## Exercise aim
Transcribe the data underneath exactly. No images belong in your version.

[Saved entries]

--------

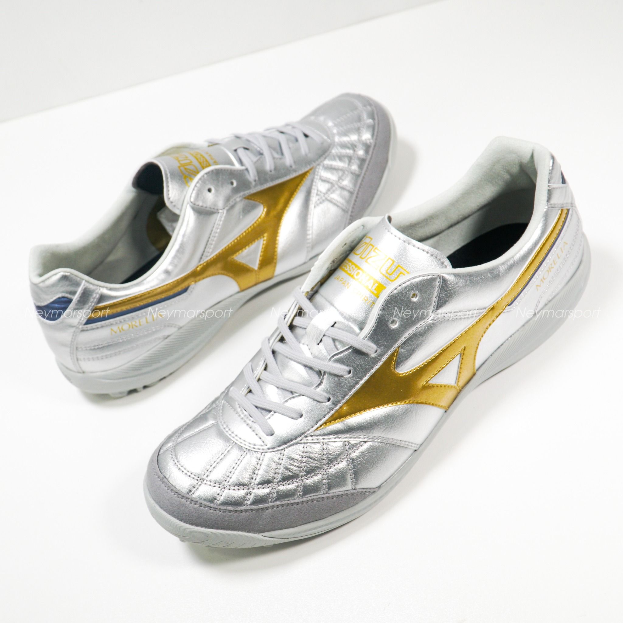 Giày đá bóng Mizuno Morelia Sala MADE IN JAPAN TF Platinum Silver - Galaxy Silver/Cool Gray Q1GB251104 là dòng sản phẩm cao cấp nhất của MIZUNO dành cho sân cỏ nhân tạo 5-7 người được sản xuất tại Nhật Bản.
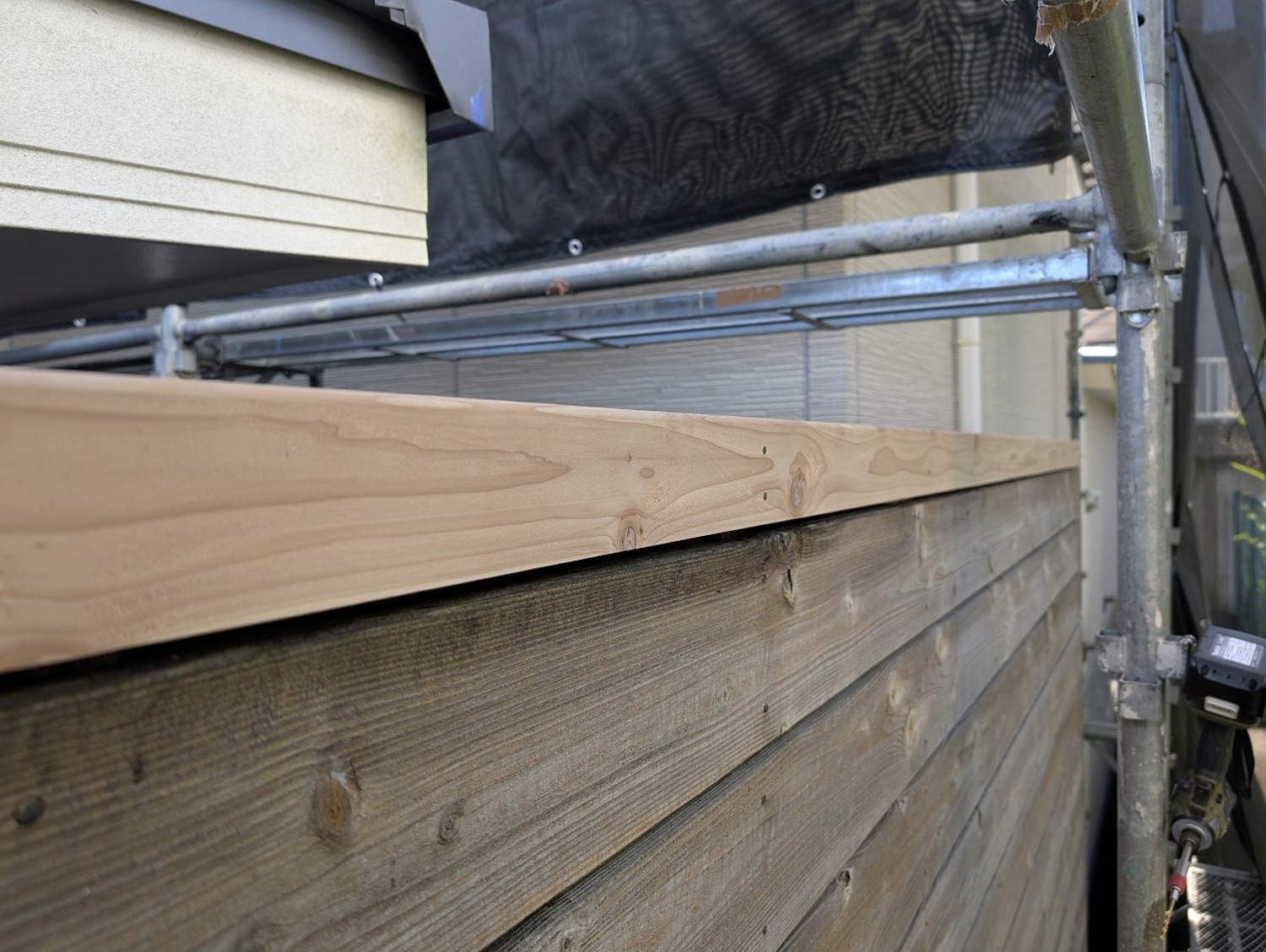 中庭にある木塀の笠木部分は腐っていたので付替えることにしました。
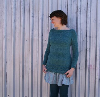 Worked seamlessly from the top down, in the round, and at 4 sts per inch, Tideline works up quickly and easily.
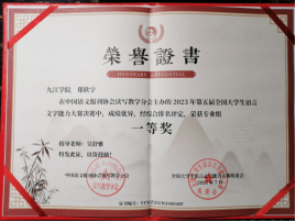 近日,由中国语文报刊协会读写教学分会举办的第五届全国大学生语言文字能力大赛决赛成绩揭晓,我校文学院汉教A2151班由吴舒雅老师指导的6位同学中有4位晋级决赛,郑欣宇同学获得大赛决赛专业组一等奖,杨青霞、胡凌煊同学获决赛专业组三等奖,黄燕同学获决赛专业组优秀奖。
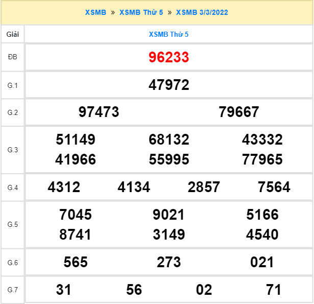 Các bạn có thể thử vận may tìm ra con số may mắn của mình bằng cách tham gia Quay thử XSMB. Bên dưới đây là bảng quay thử XSMB ngày 3/3/2022 mà chúng tôi đã thực hiện, mời bạn tham khảo:
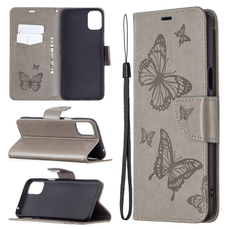 Funda de Cuero Flip para LG K42 con Estampado Dos Mariposas, Soporte, Ranura y Cordón (Oro Rosa)
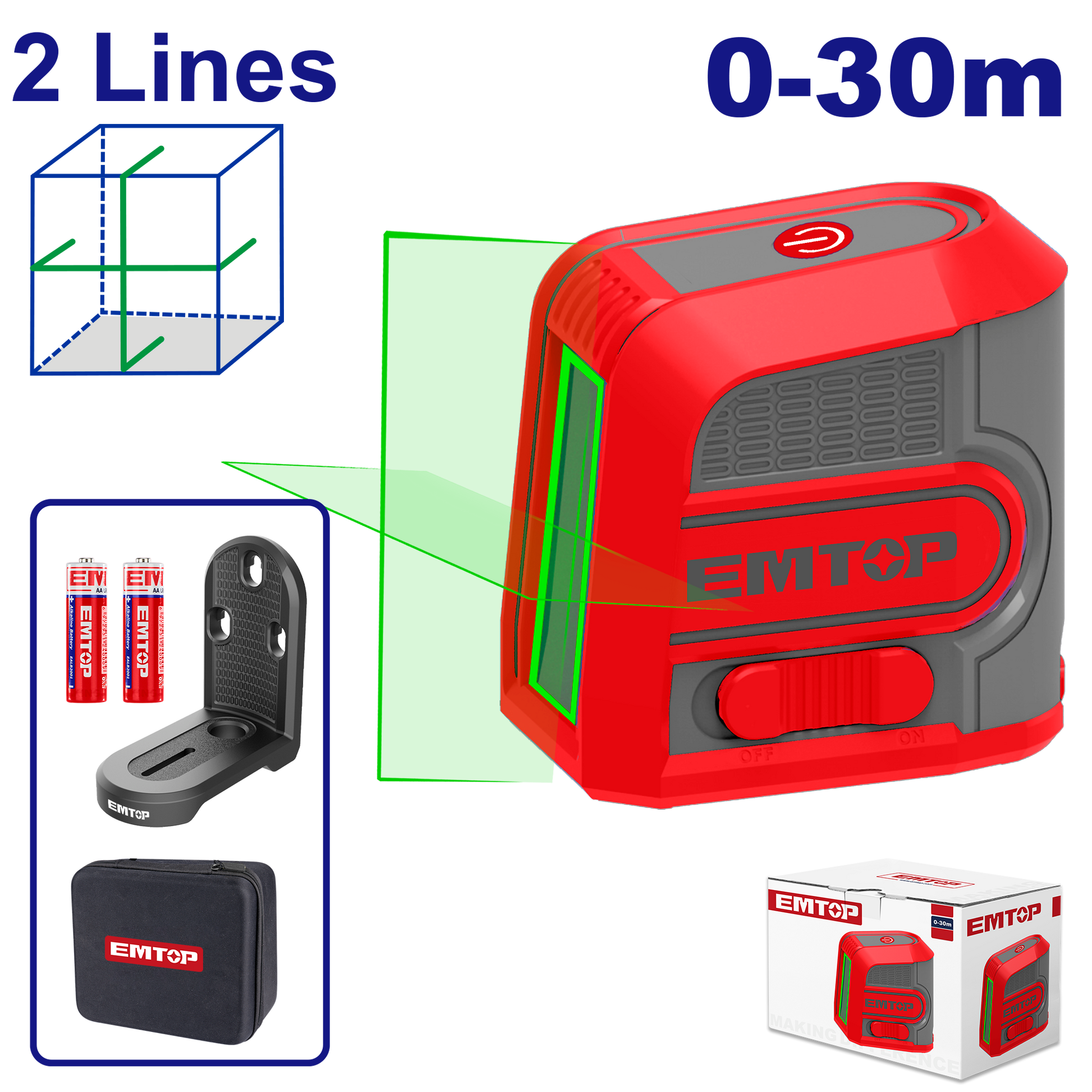 Yaşıl lazerli səviyyəölçən İşləmə diapazonu: 0~30 m Dəqiqlik: ±2 mm @ 5 m Xətt dəqiqliyi: ±2 mm @ 5 m Səviyyələmə vaxtı: ≤3 s Avtomatik səviyyələmə bucağı: ≤4° Lazer tipi: 520±5 nm Lazer sinfi: II

--------

## Result for this exercise
 Giày đá bóng Mizuno Morelia Sala MADE IN JAPAN TF Platinum Silver - Galaxy Silver/Cool Gray Q1GB251104 là dòng sản phẩm cao cấp nhất của MIZUNO dành cho sân cỏ nhân tạo 5-7 người được sản xuất tại Nhật Bản.
 中庭にある木塀の笠木部分は腐っていたので付替えることにしました。
 Worked seamlessly from the top down, in the round, and at 4 sts per inch, Tideline works up quickly and easily.
 近日,由中国语文报刊协会读写教学分会举办的第五届全国大学生语言文字能力大赛决赛成绩揭晓,我校文学院汉教A2151班由吴舒雅老师指导的6位同学中有4位晋级决赛,郑欣宇同学获得大赛决赛专业组一等奖,杨青霞、胡凌煊同学获决赛专业组三等奖,黄燕同学获决赛专业组优秀奖。
 Các bạn có thể thử vận may tìm ra con số may mắn của mình bằng cách tham gia Quay thử XSMB. Bên dưới đây là bảng quay thử XSMB ngày 3/3/2022 mà chúng tôi đã thực hiện, mời bạn tham khảo:
 Funda de Cuero Flip para LG K42 con Estampado Dos Mariposas, Soporte, Ranura y Cordón (Oro Rosa)
 Yaşıl lazerli səviyyəölçən İşləmə diapazonu: 0~30 m Dəqiqlik: ±2 mm @ 5 m Xətt dəqiqliyi: ±2 mm @ 5 m Səviyyələmə vaxtı: ≤3 s Avtomatik səviyyələmə bucağı: ≤4° Lazer tipi: 520±5 nm Lazer sinfi: II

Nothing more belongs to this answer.